▸ SUPPLIED INFORMATION
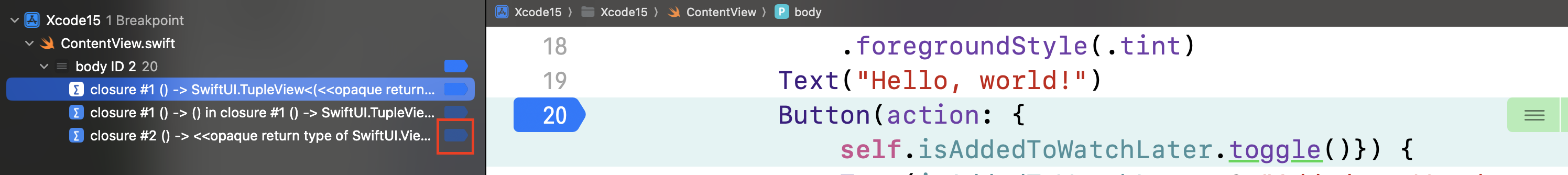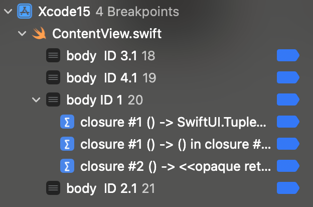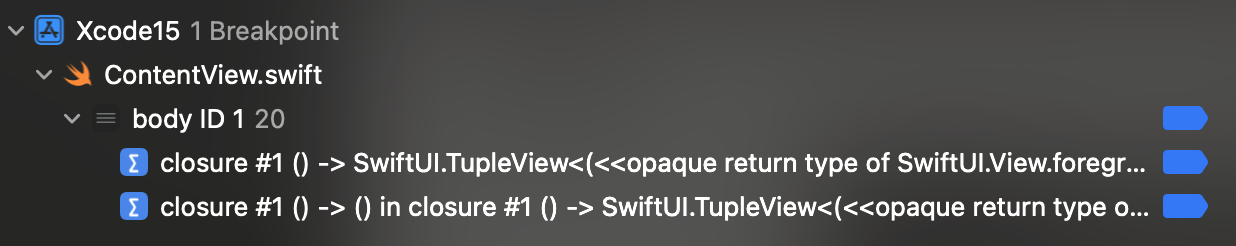 Xcode는 3개의 breakpoint를 생성한다.
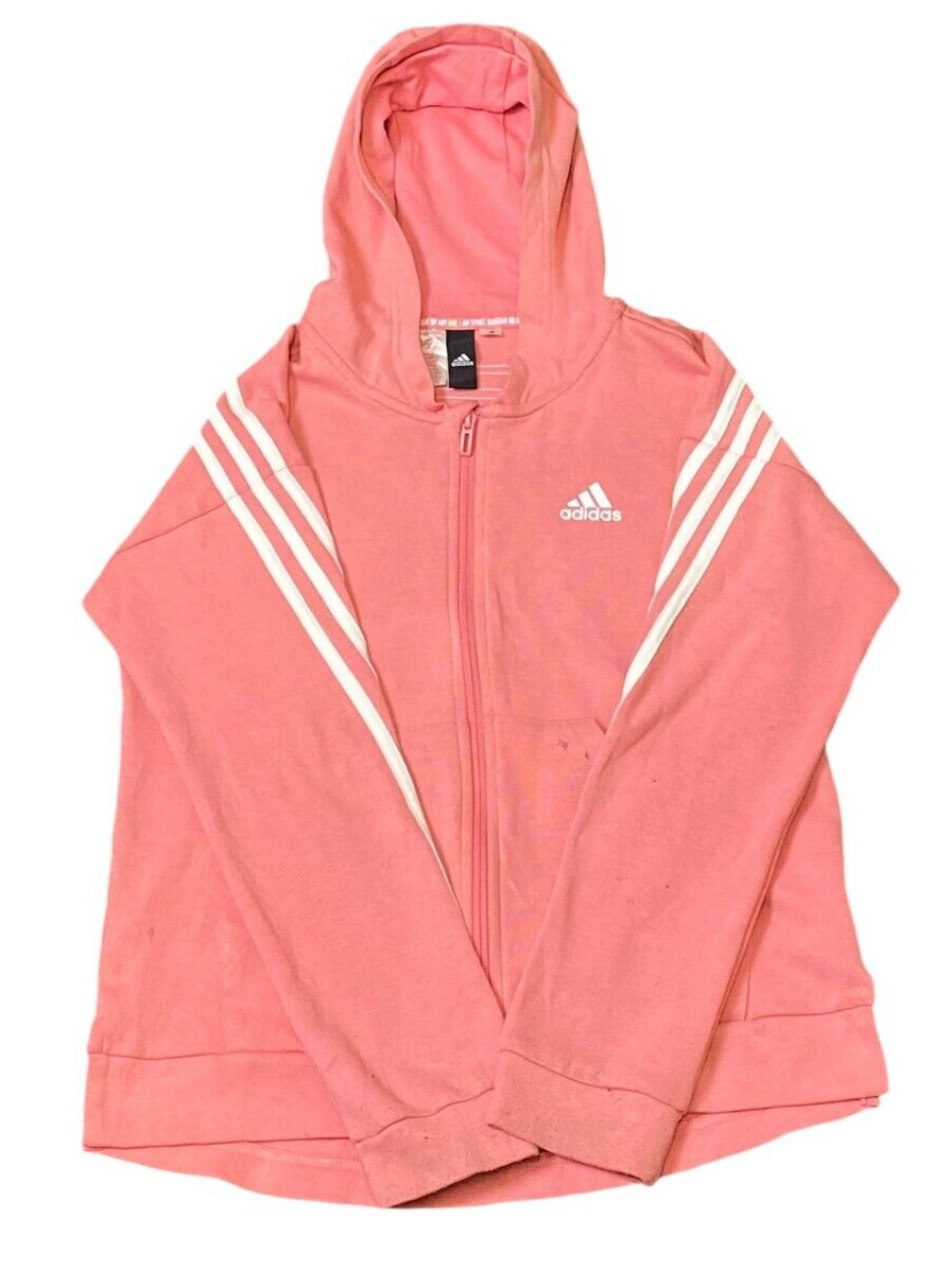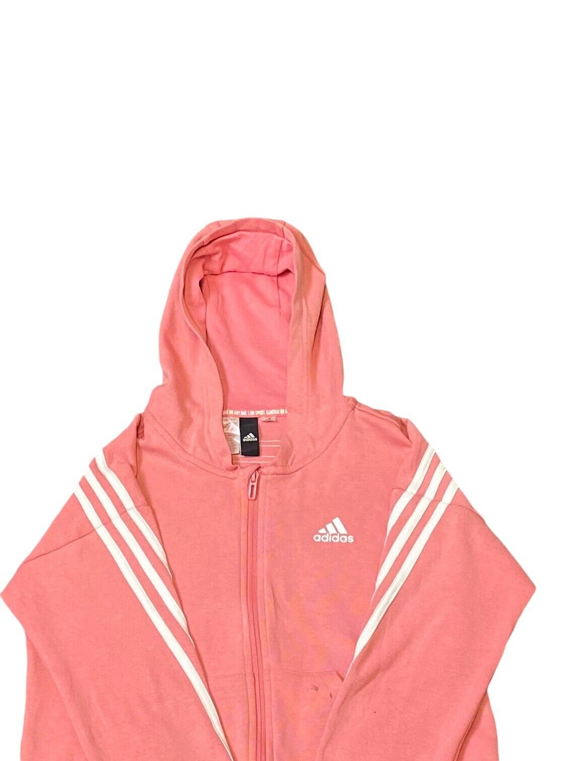 adidas Hoodie Women Medium Pink Sportswear Three Stripe Shoulder Sleeve Full Zip
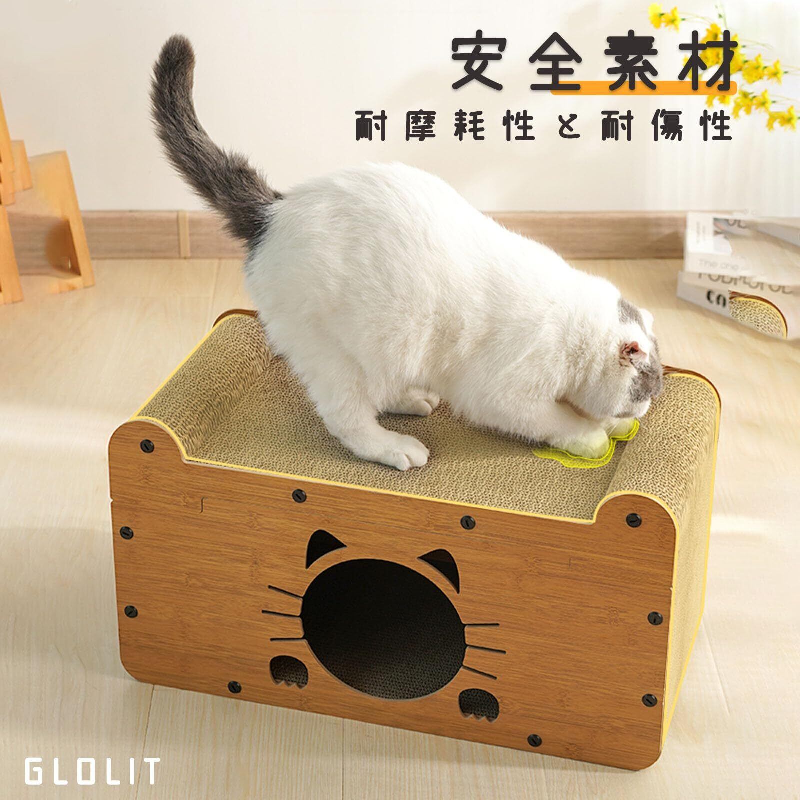 【3in1の多機能猫スクラッチボード】この多機能な猫の抓板は、爪研ぎ、遊び、そしてくつろぎのために設計されています。猫が健康な爪を維持し、遊びながら運動し、快適な寝床でくつろぐための理想的な場所です。
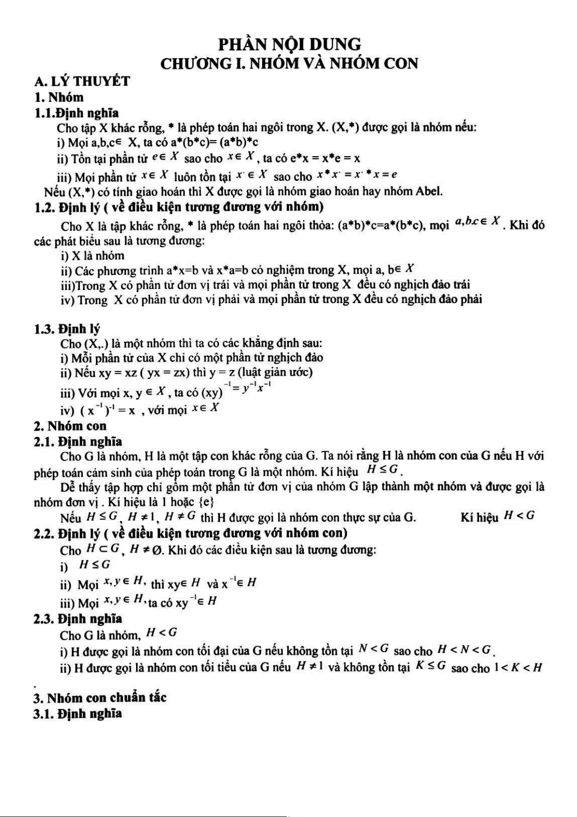 Lý thuyết Đại số đại cương môn Cấu trúc đại số | Đại học Sư phạm Hà Nội

▸ WORK TASK
Reproduce the data above verbatim, minus any images.

▸ WRITTEN RESPONSE
 Xcode는 3개의 breakpoint를 생성한다.
 adidas Hoodie Women Medium Pink Sportswear Three Stripe Shoulder Sleeve Full Zip
 【3in1の多機能猫スクラッチボード】この多機能な猫の抓板は、爪研ぎ、遊び、そしてくつろぎのために設計されています。猫が健康な爪を維持し、遊びながら運動し、快適な寝床でくつろぐための理想的な場所です。
 Lý thuyết Đại số đại cương môn Cấu trúc đại số | Đại học Sư phạm Hà Nội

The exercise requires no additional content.